Pick your favourite 2D square lattice (I'm sure we all have one...) and try to place n points 'in a circle' (that is: in general position [no 3 should be colinear] and forming the vertices of a convex polygon). Easy-peasy (assuming your favourite lattice is infinite- I know mine is). But now make your lattice smaller- finite even- say, $K \times K$- can you still do it? What is K is smaller? Bigger? Clearly the answer depends on n, so we ask:

What is the smallest $K=K(n)$ such that this can be done?

Motivation?

This little problem- way out of my comfort zone in terms of field- was sort of inspired by this question. It initially looked like an interesting problem but, sadly, turned out to be rather trivial- putting points in a circle spelled trouble, it seemed, and I idly suggested a finite lattice to stop it happening- idle suggestion turned to idle speculation and I began to wonder how small the lattice had to be to stop the circle forming- beyond that, intrigue is the only reason why I am pursuing it.

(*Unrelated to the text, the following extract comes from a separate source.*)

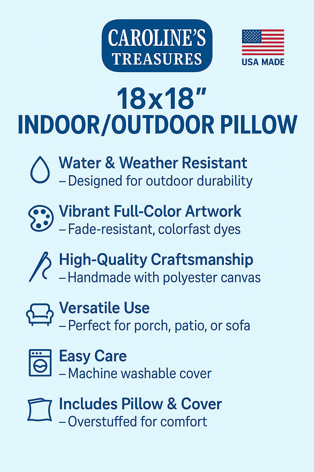Throw Pillow featuring breed specific Alaska Forget-me-nots artwork. Revitalize your outdoor or indoor living space with Caroline's Treasures 18x18 Fabric Decorative Pillow. With a generously sized dimension of approximately 18 inches by 18 inches, this pillow makes a comfortable and aesthetic addition to any seating area. Made from a unique, water-resistant material developed by Caroline's Treasures, the pillow sham is 100% polyester fabric that's durable and ready to weather any condition. Its vibrant, full-color artwork will not fade over time as it is dyed with color-fast dyes. Whether you place it on your patio furniture, porch, veranda, or indoor couch, its soft canvas fabric ensures a cozy experience. The pillow is handcrafted in the United States, featuring a sham created from three pieces of fabric and a polyester insert for enduring shape and overstuffed comfort. Despite being robustly built to endure the outdoors, it is as soft and snug as your favorite indoor cushions. Please note, as all our pillows are handmade, sizes may vary slightly, adding to the charm of this unique decorative item.

So far my progress has been scant, but I have found a rather interesting reformulation: by focusing on the most densely populated 'quadrant' of the lattice and observing that the gradients of the edges within it must all differ. Modulo some suitable considerations of n mod 4 we can get-

Reformulation: number theory

Given $\hat{n}$ what is the smallest $\hat{K}$ such that we may find $\hat{n}$ distinct fractions $\frac{p_1}{q_1},....\frac{p_n}{q_n}$ with $\Sigma_i q_i \leq \Sigma_i p_i = \hat{K}$?

Here $\hat{n}$ would be the number of points in the quadrant $\hat{K} \times \hat{K}$ the smallest size of that quadrant.

If we set $\hat{n}=\lceil \frac{n}{4} \rceil$, assume $\hat{K}=\frac{K}{2}$ and let the $p_i$, $q_i$ be the first $\hat{n}$ natural numbers we get a [really crappy] upper bound of $K \leq \lceil \frac{n}{4} \rceil (\lceil \frac{n}{4} \rceil +1)$- this fails to be sharp by the time n=5 for obvious reasons- 1) There has been no real consideration of the mod 4 behaviour and 2) By no means is this the most efficient way to make differing fractions.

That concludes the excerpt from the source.